In the Illinois state legislature, legislators have proposed numerous tax measures in a bid to raise revenue for the state. The debate over such measures is often contentious and is often framed as a “win” for the state versus a “loss” for its citizens. However, it is often unclear who the real winners and losers actually are when such taxes are enacted.
The recent proposal to increase the state’s income tax rate is a prime example of how taxes can have a far-reaching effect on a state’s citizens. The measure is being touted as a win for the state, as it will generate additional revenue that can be used to fund various social programs. However, when one considers who will be paying the additional taxes, it becomes clear that the citizens of Illinois will be the ultimate losers.

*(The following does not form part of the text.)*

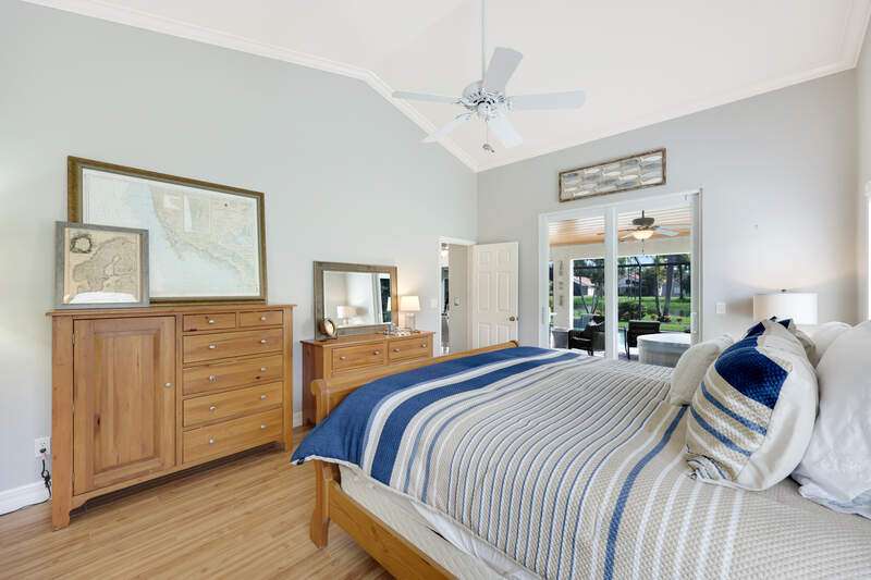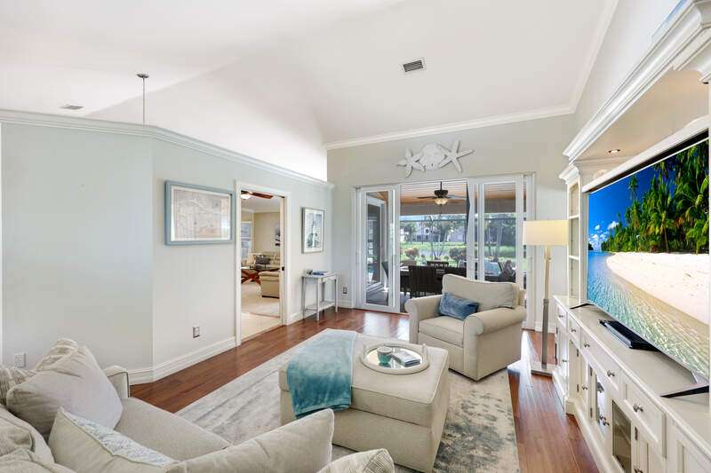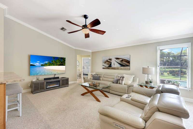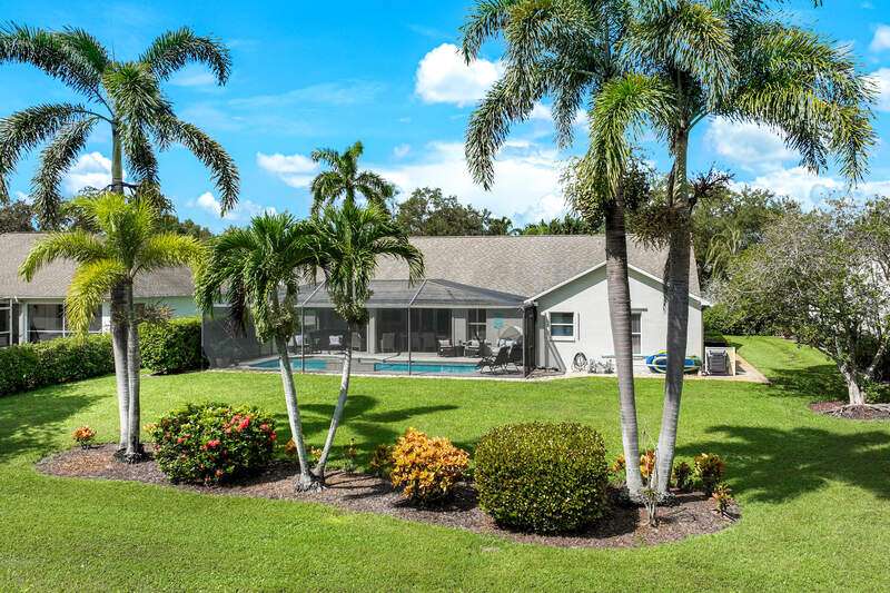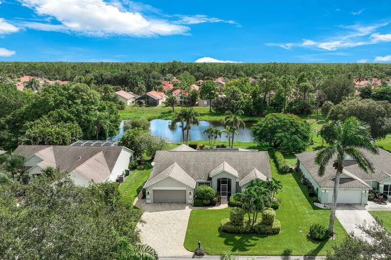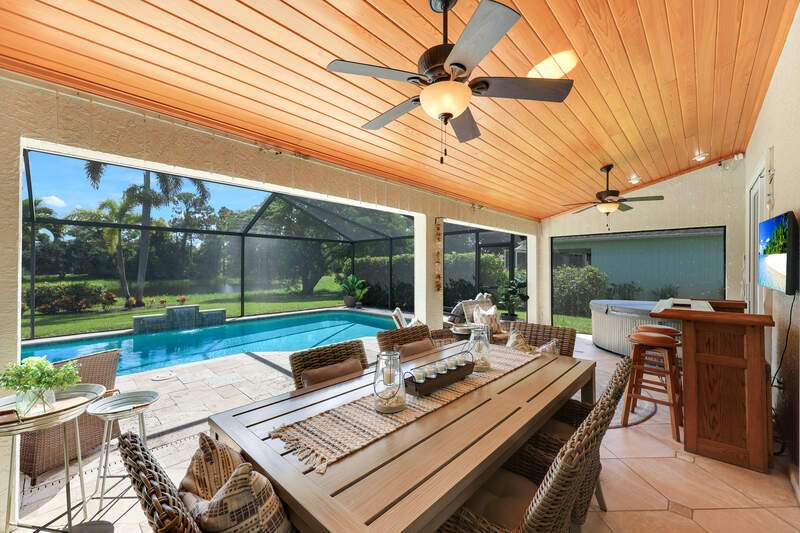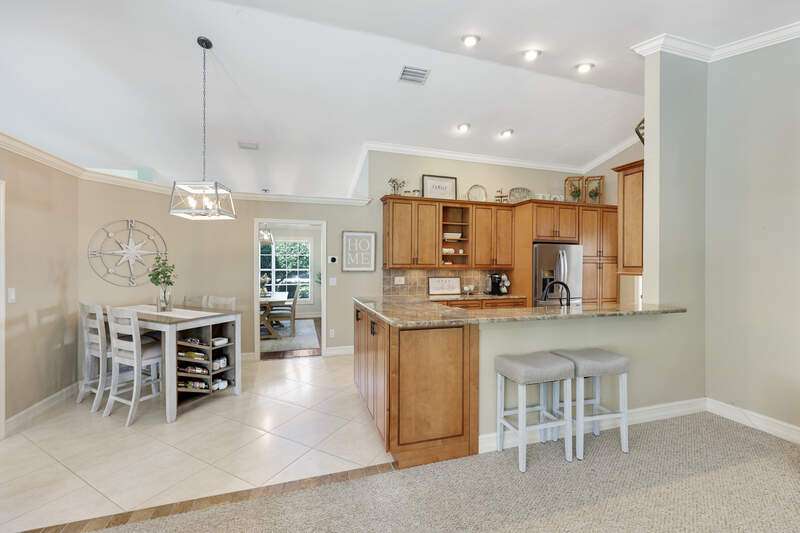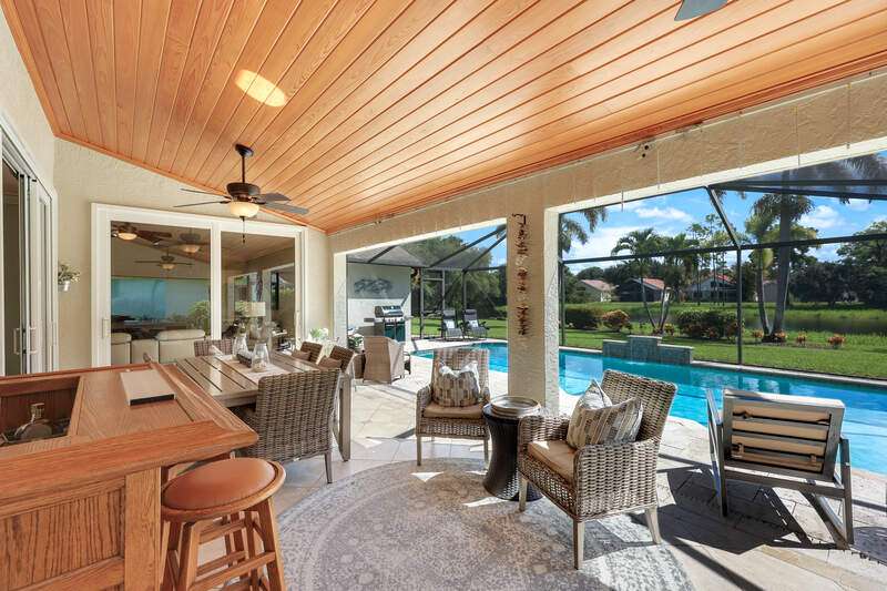 A beauty inside and out! This home, that has been lovingly cared for, immaculately kept, and thoughtfully updated, has so much to offer. Its screened-in heated lap pool surrounded by a travertine deck overlooks a lake. Its 2,000-plus square-foot interior includes formal spaces perfect for entertaining as well as a separate great room, whose family room, breakfast area and kitchen are the heart of the home. Some notable features and finishes include custom wood cabinets, vaulted ceilings defined by crown molding, newer appliances, granite counter tops, and a wood ceiling over the lanai. You'll also appreciate the electric storm shutters on the lanai, the new electric pool heater, and the hot tub that tucks neatly into the corner of the lanai and is included with the sale of the home. The community of Plantation is a treasure with its reasonable HOA fees under $800 per year, wide streets, modest clubhouse, tennis/pickleball courts and pool, plus it's only 7 miles from the beach and the shops and restaurants of downtown Naples.

The proposed tax increase would affect all taxpayers, but it will hit Illinois’ middle and lower-income households the hardest. The measure would raise the state’s top income tax rate from 4.95% to 4.99%. While this may seem like a small increase, it will have a disproportionate impact on lower-income households, as the rate will be levied on the entire amount of a taxpayer’s income, regardless of their income level.
In addition, the proposed tax increase would also hit small businesses, as they are often unable to pass on the cost of the tax to their customers. This means that small businesses will have to bear the full burden of the tax, which could put them in a precarious financial position.
Ultimately, the proposed tax increase may be seen as a way for the state to raise additional revenue, but it is clear that the citizens of Illinois will be the ones who ultimately bear the brunt of the tax. While the state may be able to point to the measure as a “win,” it is far from clear that the citizens of Illinois will reap any real benefit from it.